For the third summer in a row, the Netherlands women’s national team will be carrying the expectations of a whole country in delivering a positive result in a major tournament.
The eighth-ranked nation in the FIFA list will be heading to Australia and New Zealand in search of a first ever World Cup success, come next July.
The Leeuwinnen (Lionesses in Dutch) are on the back of a disappointing European Championships last summer, where their title defence was halted in the quarter-finals by France.
That result prompted the Dutch FA to part ways with previous coach Mark Parsons and hand the reins of the team to Andries Jonker.
The 60-year old coach brings plenty of experience to the dressing room having been an assistant manager at the men’s teams of Wolfsburg, Barcelona and Bayern Munich.
“I think his personality is very strict and that has helped us to get used to each other really quickly,” defender Dominique Janssen told the Times of Malta.
“Everybody knows what to expect from him and we know what are our responsibilities under him, so I think it has been pretty good so far although we have been with him for a short time.”
Fellow Netherlands colleague Jackie Groenen, who had positive words for the Maltese surroundings during their camp here, said that the team has been enjoying working under the new coach.
“He is very experienced and we are all eager to learn as much as possible from him,” the former Manchester United player said.
“The pieces are falling together and our football is getting better, and that’s very important.”
Prior to last summer’s European Championships in England, the Netherlands had triumphed in the 2017 edition, hosted on home soil, and reached the 2019 World Cup final where they lost to United States.
The US were also their
executioners in the 2021 Olympic Games, losing 4-2 on penalties.
For the third time in four years, the two teams will meet on the big stage again having been drawn in the same World Cup group.
Completing their Group A are Asia’s Vietnam and one between Cameroon and Portugal who will rub shoulders in a play-off game during this window.
Nonetheless, Janssen said they are upbeat about their chances of reaching the 2017 and 2019 heights next summer.
“Well, I think the last tournament was not so good for us, but we have positive feelings ahead of the World Cup,” she said.
“In the last World Cup, we did really well so I imagine there will be some high expectations on us.”
Groenen, on her part, is excited to be part of this build-up journey towards another big tournament and is confident that this training camp can help them continue to gel together.
Both Janssen and Groenen will cross paths in the UEFA Women’s Champions League when Wolfsburg meet Paris Saint-Germain.
Two-time winners of this competition, the German side are on track to complete a major double with the Bundesliga title and European success.
Janssen, 28, is one of their most experienced players with an English WSL title and two Bundesliga triumphs among her silverware.
However, the Champions League trophy is one item missing from her cabinet, at least for now.

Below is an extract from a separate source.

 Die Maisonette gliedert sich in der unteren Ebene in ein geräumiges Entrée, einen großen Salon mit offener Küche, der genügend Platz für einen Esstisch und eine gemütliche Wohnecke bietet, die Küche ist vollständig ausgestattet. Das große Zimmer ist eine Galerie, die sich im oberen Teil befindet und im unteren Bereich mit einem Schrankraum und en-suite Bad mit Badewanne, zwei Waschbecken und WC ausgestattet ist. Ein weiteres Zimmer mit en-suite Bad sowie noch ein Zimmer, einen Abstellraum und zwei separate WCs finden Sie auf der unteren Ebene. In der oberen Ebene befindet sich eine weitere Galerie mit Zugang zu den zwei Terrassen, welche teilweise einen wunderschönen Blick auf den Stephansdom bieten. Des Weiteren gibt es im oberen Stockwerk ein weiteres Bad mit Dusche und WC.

“As a player, those are the games that you want to play so I am very excited for the second part of the season,” she said.

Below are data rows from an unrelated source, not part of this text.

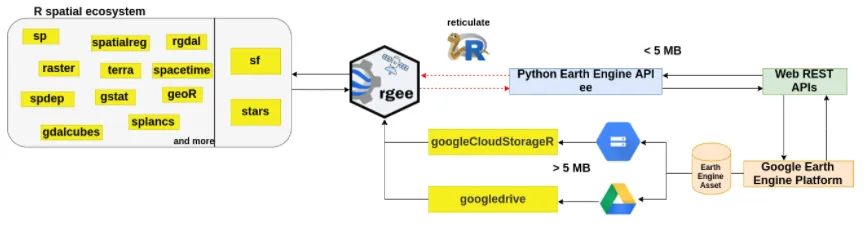 rgee是不是像JavaScript或Python客户端本地地球引擎API。从头开始开发地球引擎 API 将很难维护,尤其是考虑到 API 正在积极开发中。那么,如何使用 R 运行 Earth Engine?答案是网状的。reticulate是一个 R 包,旨在实现 R 和 Python 之间的无缝互操作。当在 R 中创建Earth Engine请求时,reticulate会将这部分转换为 Python。一旦生成了 Python 代码,就会Earth Engine Python API将请求转换为一种JSON格式。最后,GEE 平台通过 Web REST API 接收请求。该反应将遵循同样的路径。
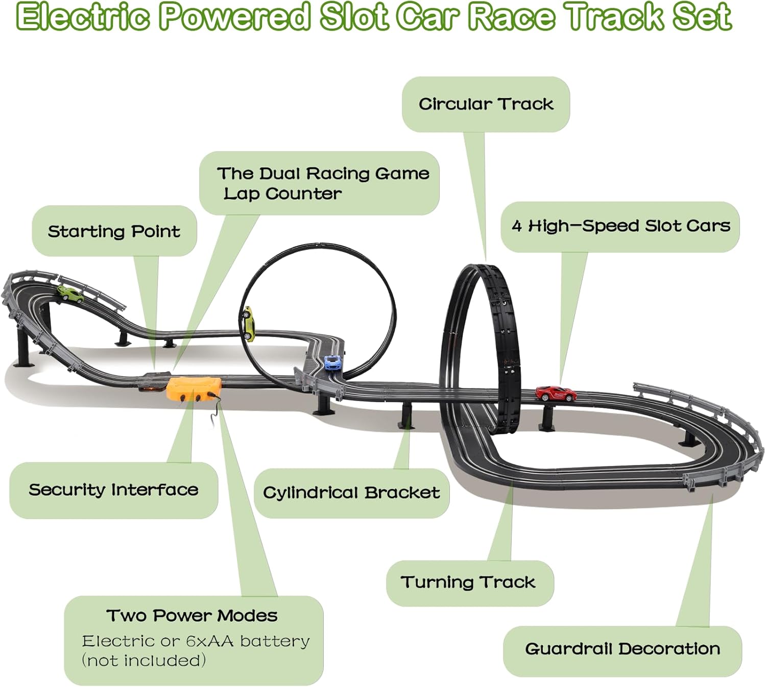 Slot Car Race Track Sets, 23ft Battery Powered or Electric Track with 4 Slot Cars, Dual Racing Game Lap Counters, Race Track Set Features a Loop, Turns, Straightaways and a Crossover for Boys Age 6-12 Start your engines and get ready to experience the thrill of slot car racing with the PAFOLO. Slot car racing brings to you the look, feel, and excitement of real race car driving but with you in control behind the wheel! Race on a course that stretches over 23-feet and features straightaways, a banked curve, a flyover, and two loops that will provide exciting action all over the track. Only the driver with the best skills can master the track and claim victory in the end! Hours of action and fun are guaranteed. The complete slot car set includes a Adapter, 43 connection tracks, 2 speed controllers, 4 toy cars, lap counter, straights, curves, banked curve, supports, 2 loops, guardrails, and a fly over.
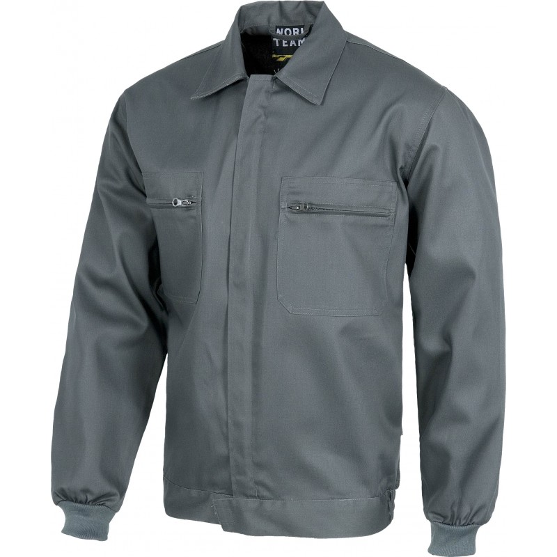 Caçadora amb coll camiser i tanca de cremallera de niló oculta. Dues bosses de pit de plastó amb cremallera de niló. Puny elàstic. Tancament de velcro a la cintura i elàstic en els laterals.
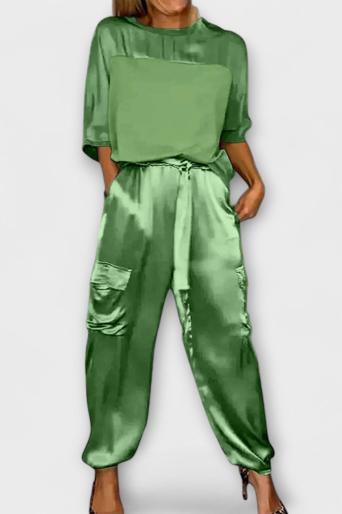 Zažijte prvotřídní pohodlí a sofistikovaný vzhled v naší luxusní dvoudílné hedvábné soupravě. Lehký a prodyšný materiál se cítí jemně na pokožce a moderní střih zajišťuje vždy upravený vzhled – ať už jste doma, v práci nebo na večírku. Tato souprava spojuje eleganci a praktičnost, což činí každý okamžik výjimečným.

On the other hand, Groenen is in her first year at the French giants having left Manchester United in September.
The Dutch midfielder is also chasing her first taste of European success at club level and PSG boast enough talent to make it all way, including her Dutch colleague Lieke Martens.
“At first, I struggled a bit at Paris Saint-Germain due to the language barrier while having to sort out a lot of personal things quickly,” she admitted.
“I was pretty much tired the first month, but now I can say that I am feeling good and really happy to be part of this club which has a lot of insanely talented players.”